● **LISTED RECORDS**
● ● ●

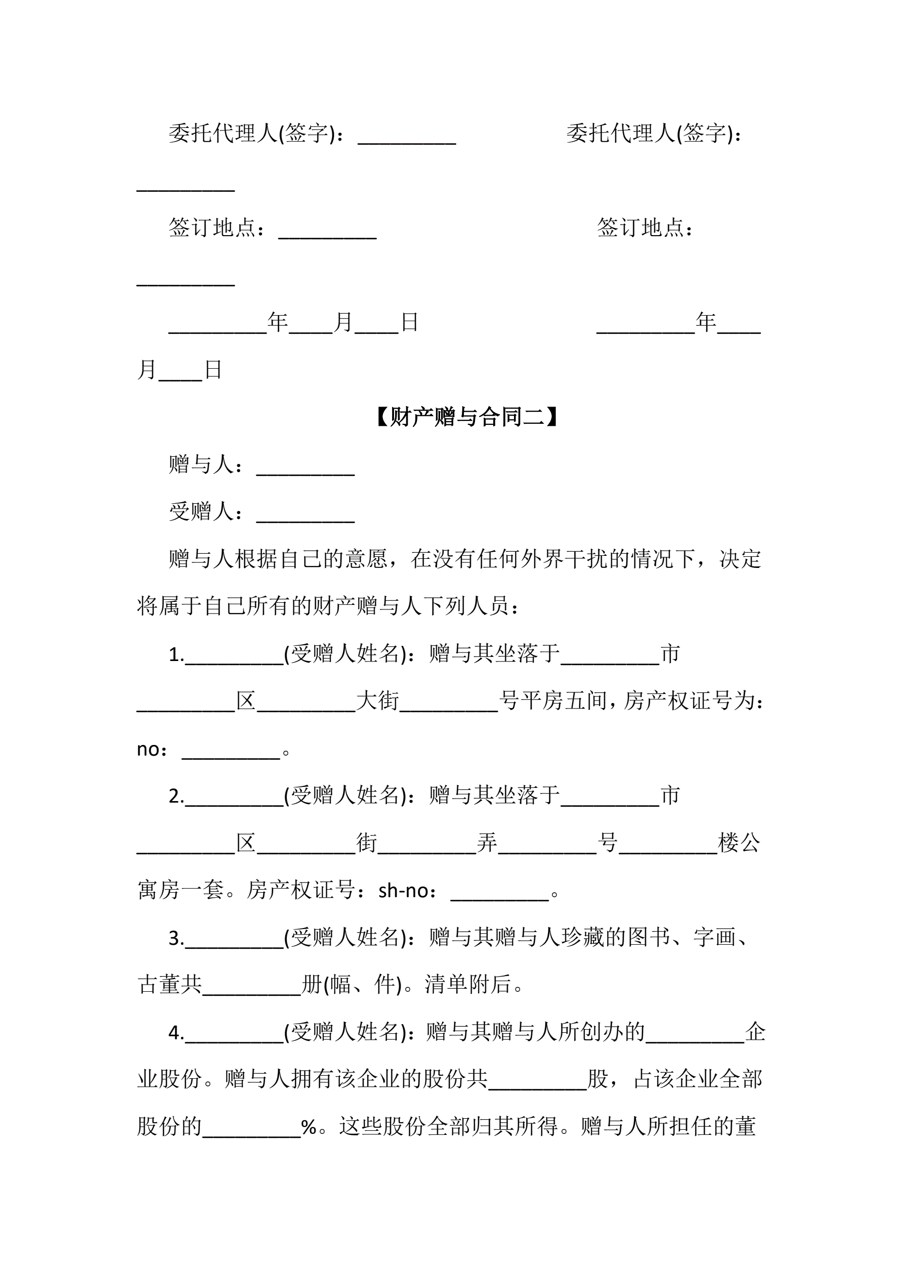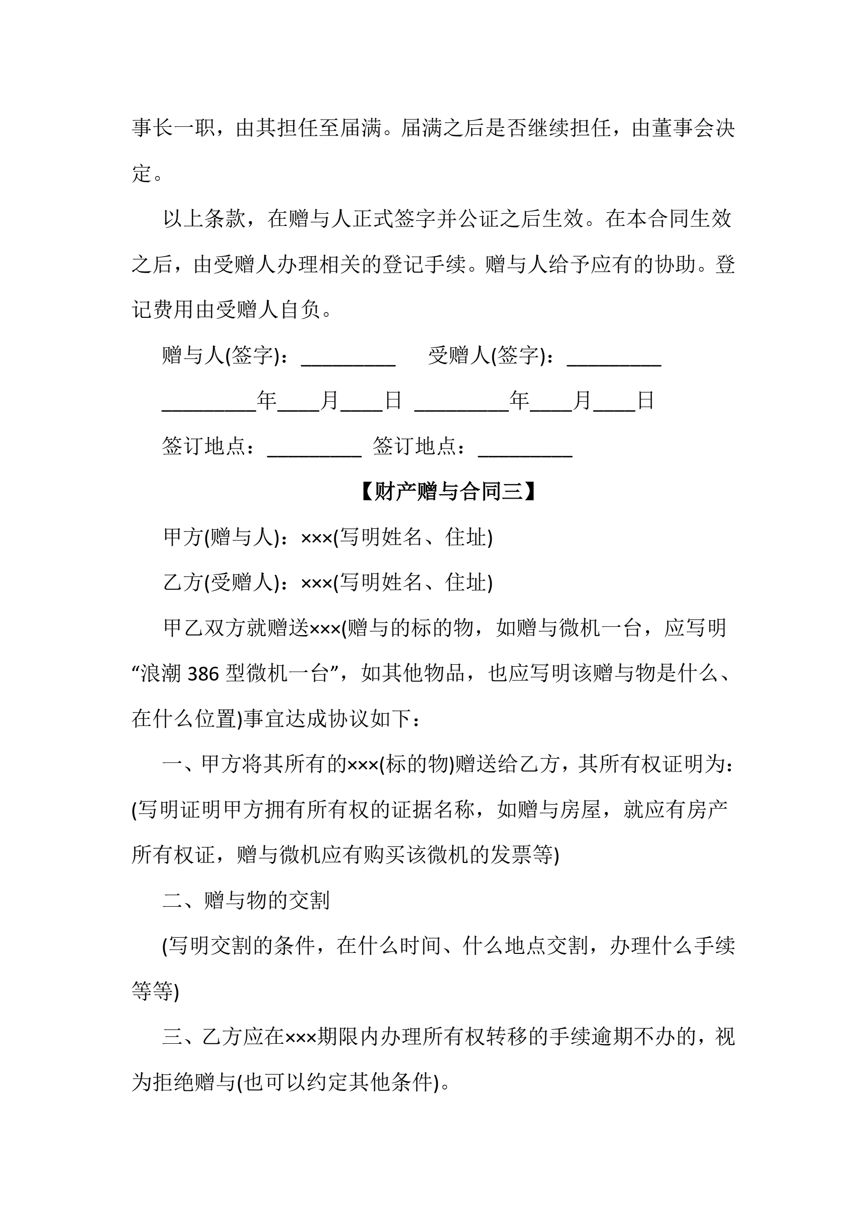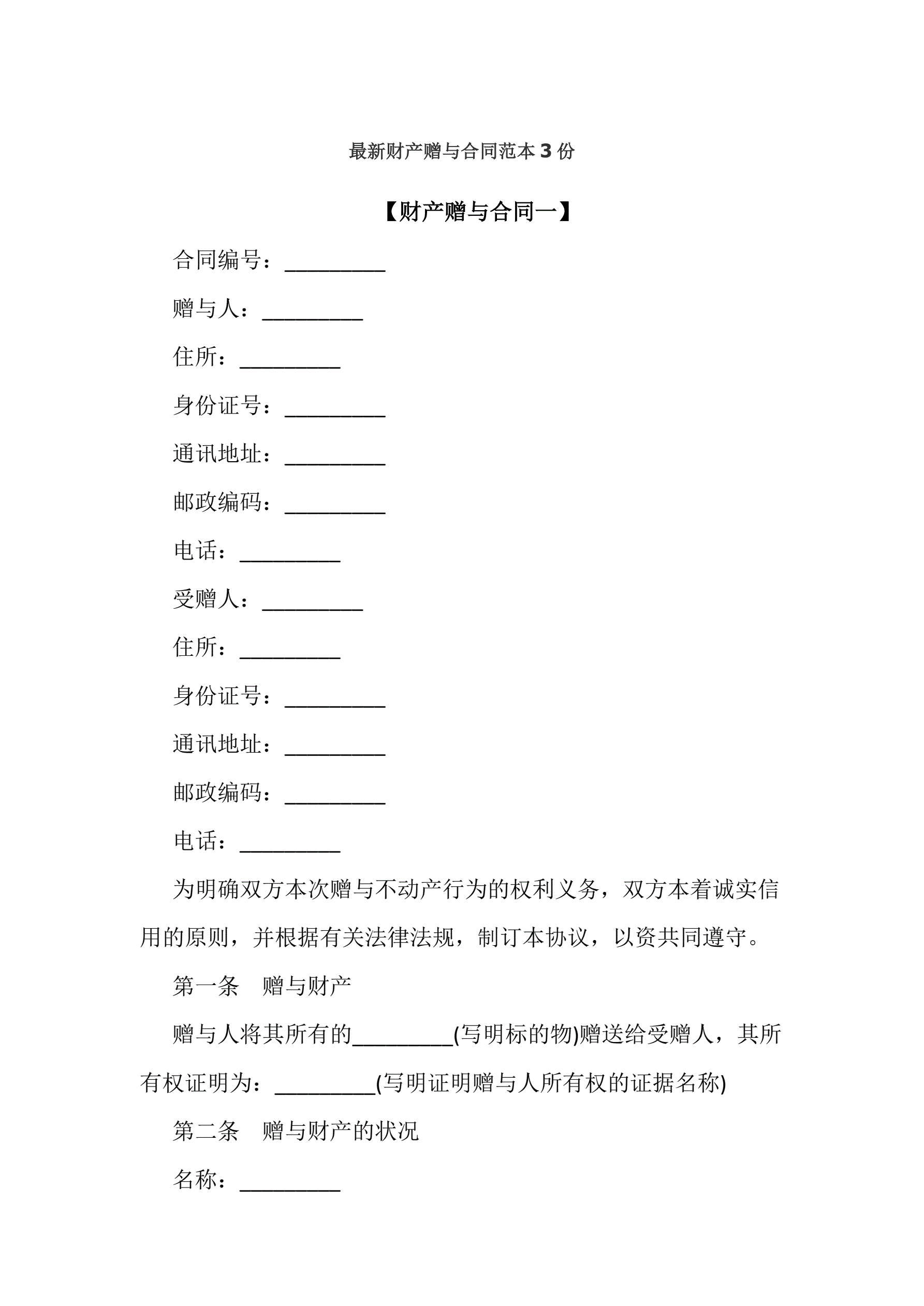 >最新财产赠与合同范本3份
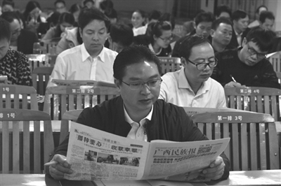 1月5日,巴马民师召开中职教育教学全员培训会。按惯例,会议的开头,一般要进行政治思想方面的学习和教育。黄正杰校长便安排人员发放刊登有《一次难忘的接见》一文的《广西民族报》,近80位教师,人手一份,他自己拿着一份,在讲台上隆重地介绍该文的来历和重要意义,激发老师们阅读和学习的兴趣,意在让大家进一步了解巴师的历史,感恩革命前辈,增强自信,汲取力量,开拓前进。蓝必亮副校长(瑶族)“身先士卒”,带头阅读,大家也都跟着纷纷打开报纸阅读起来。
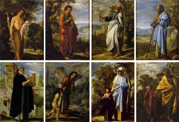Curator: Let's consider this Altar with six scenes from the life of the Virgin Mary by Adam Elsheimer, painted around 1598. The work is a fascinating example of narrative art rendered in oil paint. Editor: Oh, I love this! It's like a visual hymn, the stories laid out almost like stained glass windows on a single panel. Each little scene is charged with so much emotion! Curator: Exactly. It presents us with a multi-part narrative and really displays how paintings operated as accessible devotional objects during this time. Focusing on the material conditions of its creation— the ready availability of pigments and support—we see its production situates the piece firmly in the Italian Renaissance. Editor: True! But for me it's also those intimate moments. Like in the Annunciation; Mary's expression isn't just piety, but this little flicker of, what, disbelief? or the vulnerability radiating from her as she receives news she will become the mother of God... So delicate. Curator: Precisely. Considering the time, Italian Renaissance artwork operated largely under the support and patronage of the Catholic Church; this in part, dictates the chosen material and subject matter within painting production at the time. Editor: What a beautiful production! And there is some creative flair! How he catches the light… it almost dances across each miniature canvas. Makes one want to just step inside each little world. Curator: I would agree. If you look at Elsheimer's piece within a broader understanding of materiality and labor, you find an Italian Renaissance, in which artistic expression had direct connections to religious and cultural contexts. Editor: I'll say. Each image evokes its own separate feelings of hope and tenderness in my heart. Curator: It’s truly striking how the convergence of material and subject creates an impactful historical narrative.
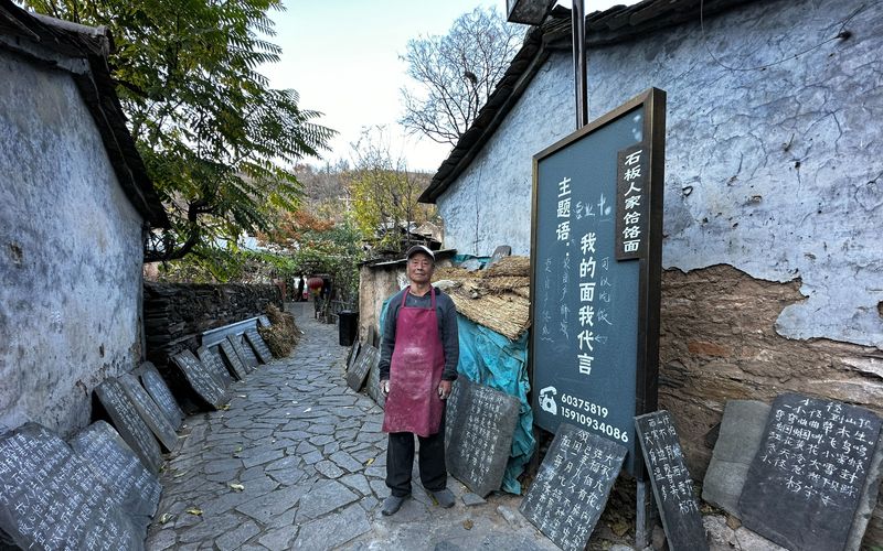 杨守安一手扶着石板、一手握着粉笔,脸上子细的模样以及在做农活的时候残缺差距。由于石板写诗被公共熟知,他被叫做“石板爷爷”,小小的面馆也成为了城里游客的打卡地。他说:“石板路、石板房,水峪村落子到处都是石板的影子……这是咱们水峪村落子的特色,也是水峪横蛮的载体。”
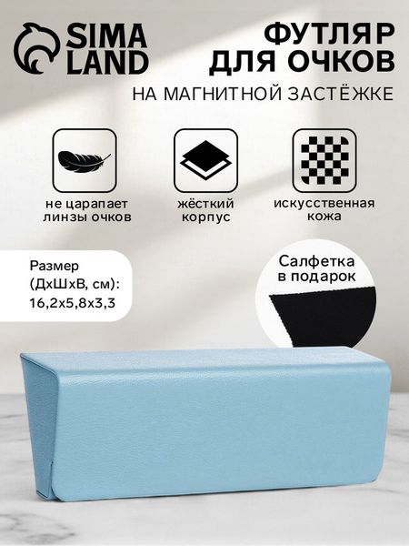 Футляр для очков выполнен из искусственной кожи и предназначен для женщин. Голубой цвет корпуса придаст вашему аксессуару стильный вид, подчёркивая вашу индивидуальность. Длина 16,2 см и ширина 5,8 см идеально подойдут для большинства стандартных оправ. Футляр оснащен магнитной застёжкой, что делает его удобным в использовании. Жёсткий корпус обезопасит ваши очки от повреждений. Преимущества Прекрасно защищает очки от царапин и повреждений благодаря жёсткому корпусу; Идеально подходит для ежедневного использования, лёгок и удобен в транспортировке; Долговечен, сохраняет форму и яркость цвета даже при длительной эксплуатации; Магнитная застёжка облегчает быстрое и безопасное открытие и закрытие футляра; Эргономичный дизайн, который удобно помещается в сумку или рюкзак; Элегантный внешний вид подойдёт к любой деловой или повседневной сумке; Простота в уходе — легко очищается без применения специальных средств. Когда каждый день начинается с настоящего удобства и стиля, футляр для очков станет вашим верным спутником. Лёгкий, надёжный и продуманный до мелочей, он подчеркнет вашу элегантность и внимание к деталям. Выберите выгодное решение для защиты своих очков и ощущения комфорта в каждом движении.
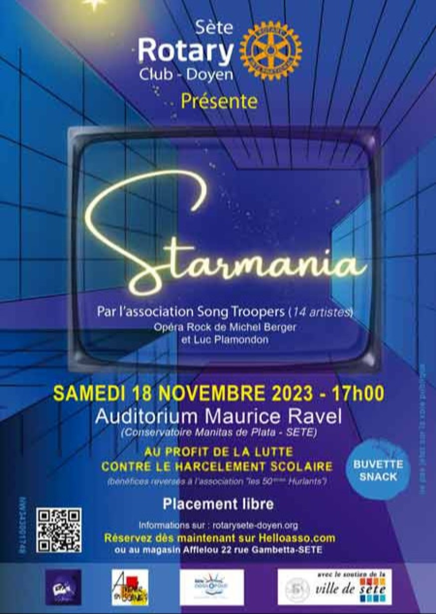 Samedi 18 novembre, à 17 h, le Rotary club doyen de Sète organise la venue du spectacle Starmania interprété par la troupe de l’association Song Troppers au conservatoire Manitas-de-Plata. Les quatorze chanteuses et chanteurs qui la composent vont reprendre cet opéra rock créé par Michel Berger et Luc Plamondon en 1978. Les Song Troppers assurent rechercher « les émotions originelles » d’une écriture « si en avance sur son temps qu’elle n’a finalement pas été immédiatement appréciée par la critique malgré son succès auprès du public ». Cette représentation sera donnée au profit de l’association Les Cinquantièmes hurlants qui se produit dans les établissements scolaires du bassin de Thau pour sensibiliser les élèves mais aussi leurs accompagnants (professeurs, éducateurs, parents) au harcèlement scolaire par le biais d’un mini spectacle participatif. Le but de cette pratique est d’éveiller les consciences, d’ébranler certaines certitudes et de soulever un débat.

● ● ●

● **WHAT YOU SHOULD DO**
The response should repeat every entry above exactly and include none of the pictures.

● **ANSWER**
 >最新财产赠与合同范本3份
 1月5日,巴马民师召开中职教育教学全员培训会。按惯例,会议的开头,一般要进行政治思想方面的学习和教育。黄正杰校长便安排人员发放刊登有《一次难忘的接见》一文的《广西民族报》,近80位教师,人手一份,他自己拿着一份,在讲台上隆重地介绍该文的来历和重要意义,激发老师们阅读和学习的兴趣,意在让大家进一步了解巴师的历史,感恩革命前辈,增强自信,汲取力量,开拓前进。蓝必亮副校长(瑶族)“身先士卒”,带头阅读,大家也都跟着纷纷打开报纸阅读起来。
Curator: Let's consider this Altar with six scenes from the life of the Virgin Mary by Adam Elsheimer, painted around 1598. The work is a fascinating example of narrative art rendered in oil paint. Editor: Oh, I love this! It's like a visual hymn, the stories laid out almost like stained glass windows on a single panel. Each little scene is charged with so much emotion! Curator: Exactly. It presents us with a multi-part narrative and really displays how paintings operated as accessible devotional objects during this time. Focusing on the material conditions of its creation— the ready availability of pigments and support—we see its production situates the piece firmly in the Italian Renaissance. Editor: True! But for me it's also those intimate moments. Like in the Annunciation; Mary's expression isn't just piety, but this little flicker of, what, disbelief? or the vulnerability radiating from her as she receives news she will become the mother of God... So delicate. Curator: Precisely. Considering the time, Italian Renaissance artwork operated largely under the support and patronage of the Catholic Church; this in part, dictates the chosen material and subject matter within painting production at the time. Editor: What a beautiful production! And there is some creative flair! How he catches the light… it almost dances across each miniature canvas. Makes one want to just step inside each little world. Curator: I would agree. If you look at Elsheimer's piece within a broader understanding of materiality and labor, you find an Italian Renaissance, in which artistic expression had direct connections to religious and cultural contexts. Editor: I'll say. Each image evokes its own separate feelings of hope and tenderness in my heart. Curator: It’s truly striking how the convergence of material and subject creates an impactful historical narrative.
 杨守安一手扶着石板、一手握着粉笔,脸上子细的模样以及在做农活的时候残缺差距。由于石板写诗被公共熟知,他被叫做“石板爷爷”,小小的面馆也成为了城里游客的打卡地。他说:“石板路、石板房,水峪村落子到处都是石板的影子……这是咱们水峪村落子的特色,也是水峪横蛮的载体。”
 Футляр для очков выполнен из искусственной кожи и предназначен для женщин. Голубой цвет корпуса придаст вашему аксессуару стильный вид, подчёркивая вашу индивидуальность. Длина 16,2 см и ширина 5,8 см идеально подойдут для большинства стандартных оправ. Футляр оснащен магнитной застёжкой, что делает его удобным в использовании. Жёсткий корпус обезопасит ваши очки от повреждений. Преимущества Прекрасно защищает очки от царапин и повреждений благодаря жёсткому корпусу; Идеально подходит для ежедневного использования, лёгок и удобен в транспортировке; Долговечен, сохраняет форму и яркость цвета даже при длительной эксплуатации; Магнитная застёжка облегчает быстрое и безопасное открытие и закрытие футляра; Эргономичный дизайн, который удобно помещается в сумку или рюкзак; Элегантный внешний вид подойдёт к любой деловой или повседневной сумке; Простота в уходе — легко очищается без применения специальных средств. Когда каждый день начинается с настоящего удобства и стиля, футляр для очков станет вашим верным спутником. Лёгкий, надёжный и продуманный до мелочей, он подчеркнет вашу элегантность и внимание к деталям. Выберите выгодное решение для защиты своих очков и ощущения комфорта в каждом движении.
 Samedi 18 novembre, à 17 h, le Rotary club doyen de Sète organise la venue du spectacle Starmania interprété par la troupe de l’association Song Troppers au conservatoire Manitas-de-Plata. Les quatorze chanteuses et chanteurs qui la composent vont reprendre cet opéra rock créé par Michel Berger et Luc Plamondon en 1978. Les Song Troppers assurent rechercher « les émotions originelles » d’une écriture « si en avance sur son temps qu’elle n’a finalement pas été immédiatement appréciée par la critique malgré son succès auprès du public ». Cette représentation sera donnée au profit de l’association Les Cinquantièmes hurlants qui se produit dans les établissements scolaires du bassin de Thau pour sensibiliser les élèves mais aussi leurs accompagnants (professeurs, éducateurs, parents) au harcèlement scolaire par le biais d’un mini spectacle participatif. Le but de cette pratique est d’éveiller les consciences, d’ébranler certaines certitudes et de soulever un débat.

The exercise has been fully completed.